▸ **Dataset section**
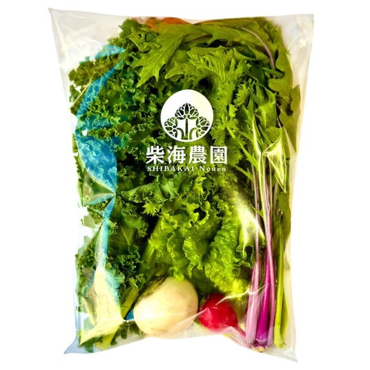 千葉県産 柴海農園 サラダセット 1袋レストランで提供されるような彩り豊かで香り高いサラダを、ご家庭でも手軽に楽しんでいただけるように作りました。ケール、わさび菜、春菊、ルッコラ、赤水菜、トレビス、赤軸ほうれん草、ミニ人参、ミニ大根など、5種類以上の野菜を使用しています。
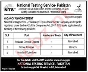 National Testing Service NTS H-8 Islamabad, islamabad Islamabad Pakistan invites applications from eligible candidates for the post of assistant operator, asistant director content and sr assistant as per advertisement of August 17, 2025 published in daily Jang Newspaper. Preferred Education is Master and Bachelor etc.
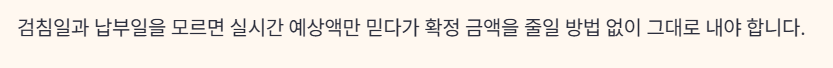 앱에 표시되는 실시간 예상액 역시 참고용이므로, 확정 고지 금액과 차이가 나는지 비교해 봐야 불필요한 누수·과다 청구로 인한 장기 손해를 막을 수 있습니다.

▸ **Exercise description**
Leave out the pictures, and retype exactly the lines from the one containing "National Testing Service" through the last line of the data above, no more and no less.

▸ **Answer below**
 National Testing Service NTS H-8 Islamabad, islamabad Islamabad Pakistan invites applications from eligible candidates for the post of assistant operator, asistant director content and sr assistant as per advertisement of August 17, 2025 published in daily Jang Newspaper. Preferred Education is Master and Bachelor etc.
 앱에 표시되는 실시간 예상액 역시 참고용이므로, 확정 고지 금액과 차이가 나는지 비교해 봐야 불필요한 누수·과다 청구로 인한 장기 손해를 막을 수 있습니다.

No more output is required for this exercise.